Because promoters have higher average content of GC-rich k-mers and of CpGs than enhancers, the observed changes in their content with the node degree mean that enhancers of higher node degree become more similar to promoters, whereas promoters of higher node degree become less similar to enhancers (Figure S6C). Andersson et al. (2014) [15] reported that motifs identified de novo in enhancers resemble more those identified in the non-CGI promoters then in the CGI promoters [15]. The results we obtained using the k-mer distance agree with these findings and additionally show a dependence of the promoter–enhancer sequence similarity on the node degree. Our results add to the recent findings that CGI-associated enhancers bear promoter-like characteristics [29], which in our case is the higher node degree. The similarities of high-degree enhancers to promoters are consistent with the hypothesis that the structure and function of enhancers, in particular of higher node degrees, and promoters can be very similar [30,31].

4. Materials and Methods

4.1. Data

We used the data on 94,943 interactions between 15,905 promoters and 71,985 enhancers published by Sahlén et al. (2015) [4] as additional information (Additional file 1; Supplementary Table 5v5.xlsx), which we downloaded from the journal website: https://genomebiology.biomedcentral.com/articles/10.1186/s13059-015-0727-9 (accessed on 10 January 2018).
We standardized the length of both types of regulatory regions at 1 kb, centered at the TSS or at the middle genomic position of the enhancer. The sequence data of the standardized regulatory regions were taken from the mm9 assembly version of the mouse genome. The promoter–enhancer interaction data of Rubin et al. (2017) [17] contained in the file: GSE84660_ChiC_contacts_b2g.bed can be found under this link: https://www.ncbi.nlm.nih.gov/geo/query/acc.cgi?acc=GSE84660 (accessed on 10 January 2018).

4.2. K-mer Count

We used Jellyfish [32] to count instances of all 256 possible 4-mers in the +1 strand of the genomic sequence of every standardized regulatory region, resulting in k-mer counts (k-mer count vectors or k-mer vectors for short) for every regulatory region (Figure S1A,B). The Jellyfish software can be found under this link: http://www.genome.umd.edu/jellyfish.html (accessed on 10 January 2018). We annotated each sequence with its type (promoter or enhancer) and the node degree (number of promoter–enhancer interactions). For every 4-mer we computed their average count over the nodes of a particular type (promoters, enhancers) (Figure S1C).
We were interested if k-mer content changes as a function of the degree of the node.
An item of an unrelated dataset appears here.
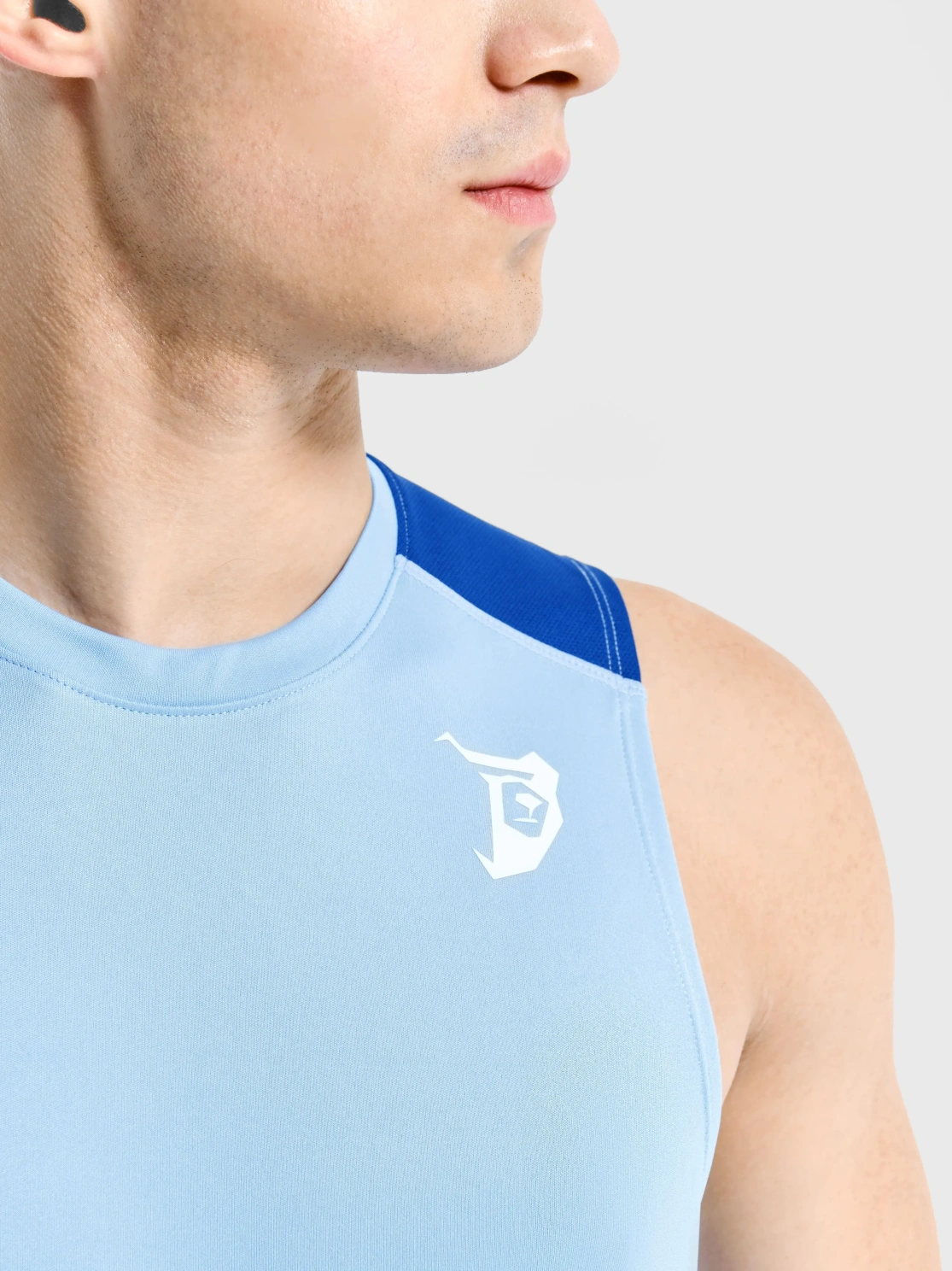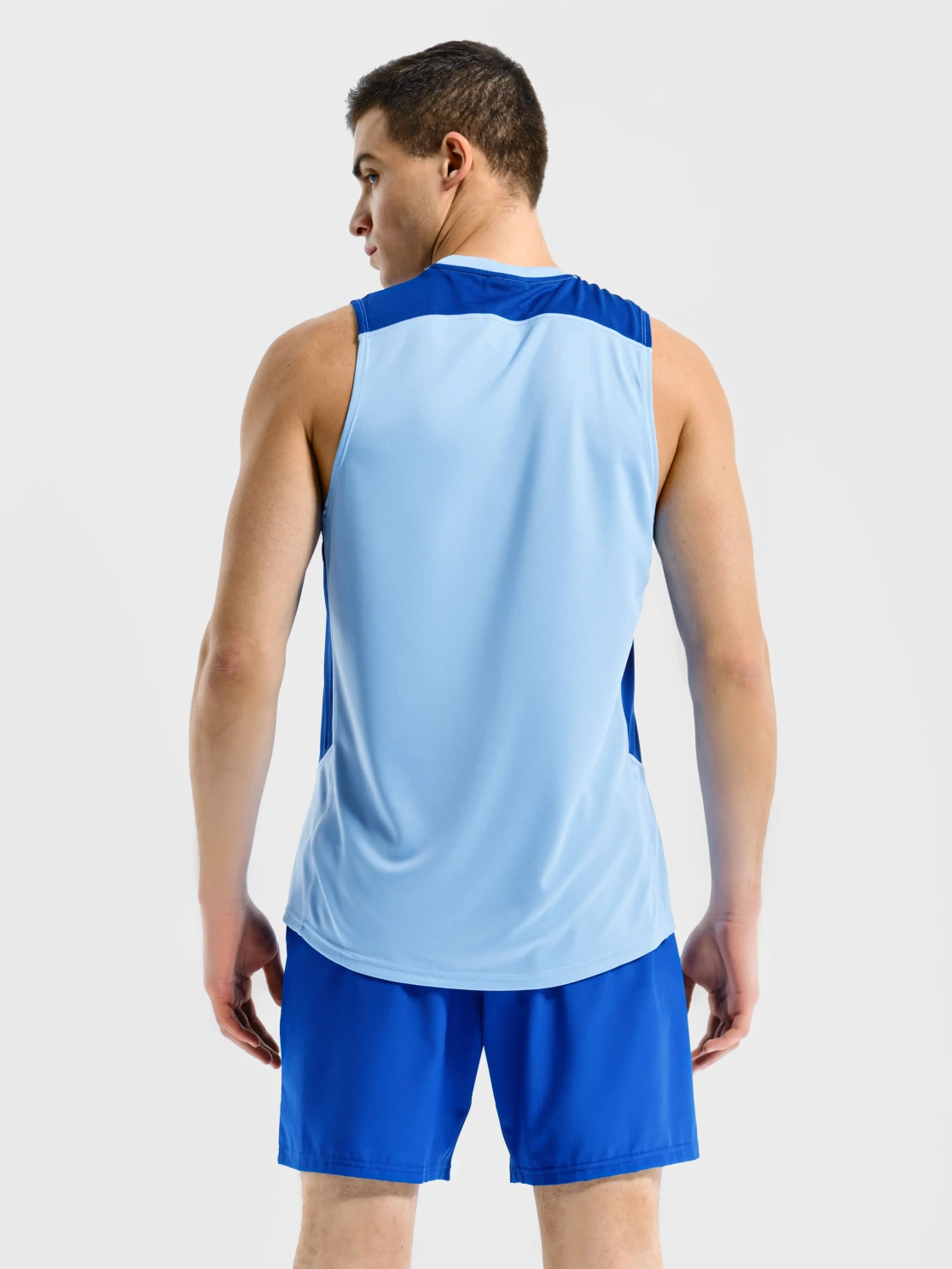 Мужская майка для бега с логотипом медведя на груди и фирменной надписью на спине. Модель выполнена в голубом цвете. Сочетать майку можно с разными спортивными аутфитами. Прямой силуэт и средняя длина изделия обеспечивают хорошую посадку по фигуре. Заниматься бегом теперь можно с комфортом.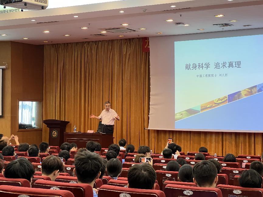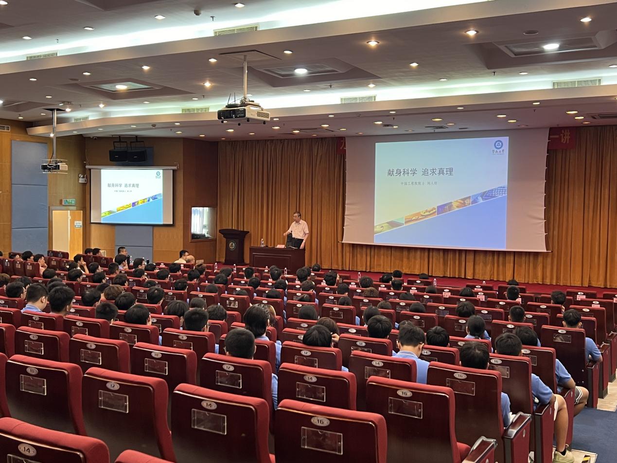 2024年9月11日下午,bat365在线平台登录在曾宪梓科学馆国际会议厅举办2024年新生名师讲堂第一讲,bat365在线平台登录原校长、bat365在线平台登录名誉院长、中国工程院刘人怀院士受邀作“献身科学 追求真理”专题讲座。讲座由学院院长聂振华教授主持,学院教师代表、辅导员及2024级全体新生参加。

To address this question, for each k-mer we computed a profile of its average count as the function of the node degree for degrees from 1 to 10. This analysis was performed separately for promoters and enhancers (Figure S1D). We were particularly interested in how the profiles of the same k-mers compare between the promoters and the enhancers. To address this question, we joined each k-mer’s promoters and enhancers profile, resulting in a joint profile of length 20. To facilitate interpretation of 256 such profiles, we centered each joint profile by subtraction of its average value and then clustered the centered joint profiles. For the clustering we used the k-medoid algorithm (Mathematica v. 8, Wolfram Research), with the number k (here indicating the number of statistically significant clusters, not the k-mer length) automatically determined with the gap statistics [33].

4.3. Local Average k-mer Distance

The Euclidean distance between two k-mer count vectors (of length 256 for k = 4), corresponding to two regulatory regions (a promoter and an enhancer), named the k-mer distance, was used as a measure of sequence dissimilarity between these regions (Figure S1E). For each promoter we then computed the average of its k-mer distances to all the enhancers it interacts with, and conversely, for each enhancer we computed the average k-mer distance to all the promoters it interacts with. In graph terms, for each node we computed its average k-mer distance over all the promoter–enhancer edges of this node. We call the result the local average k-mer distance (lakd, Figure S1F). We then analyzed the distribution and the average values of this measure (i.e., of lakd) over all nodes of a particular type and/or degree.

4.4. Code Availability

Our Python code used in this study can be found under this link: https://github.com/kinga322/kmers (accessed on 10 January 2018).

Supplementary Materials

The following are available online at https://www.mdpi.com/article/10.3390/ijms22158067/s1, Legends to Figures S1–S6: Legends to the supplementary figures, Figure S1: Schematic illustration of the sequence and graph analysis, Figure S2: Scatter plot of average k-mer counts in promoters and in enhancers, Figure S3: Clustered joint k-mer count profiles as the function of the node degree, Figure S4: Differences of the average GC content (%GC) and of the average counts of the four dinucleotides of G or C in promoters and enhancers grouped by the node degree, Figure S5: The average GC content (%GC) and of the average counts of the four dinucleotides of G or C in promoters and enhancers grouped by the node degree, Figure S6: Graphical summary of the results, Table S1: Average k-mer counts in promoters and in enhancers.

Author Contributions

Conceptualization, B.W. and M.D.; Formal analysis, K.S., B.W. and M.D.; Investigation, M.D.; Methodology, B.W. and M.D.; Software, K.S.; Supervision, M.D.; Visualization, K.S., B.W. and M.D.; Writing—original draft, M.D.; Writing—review & editing, B.W. and M.D. All authors have read and agreed to the published version of the manuscript.

Funding

This research received no external funding.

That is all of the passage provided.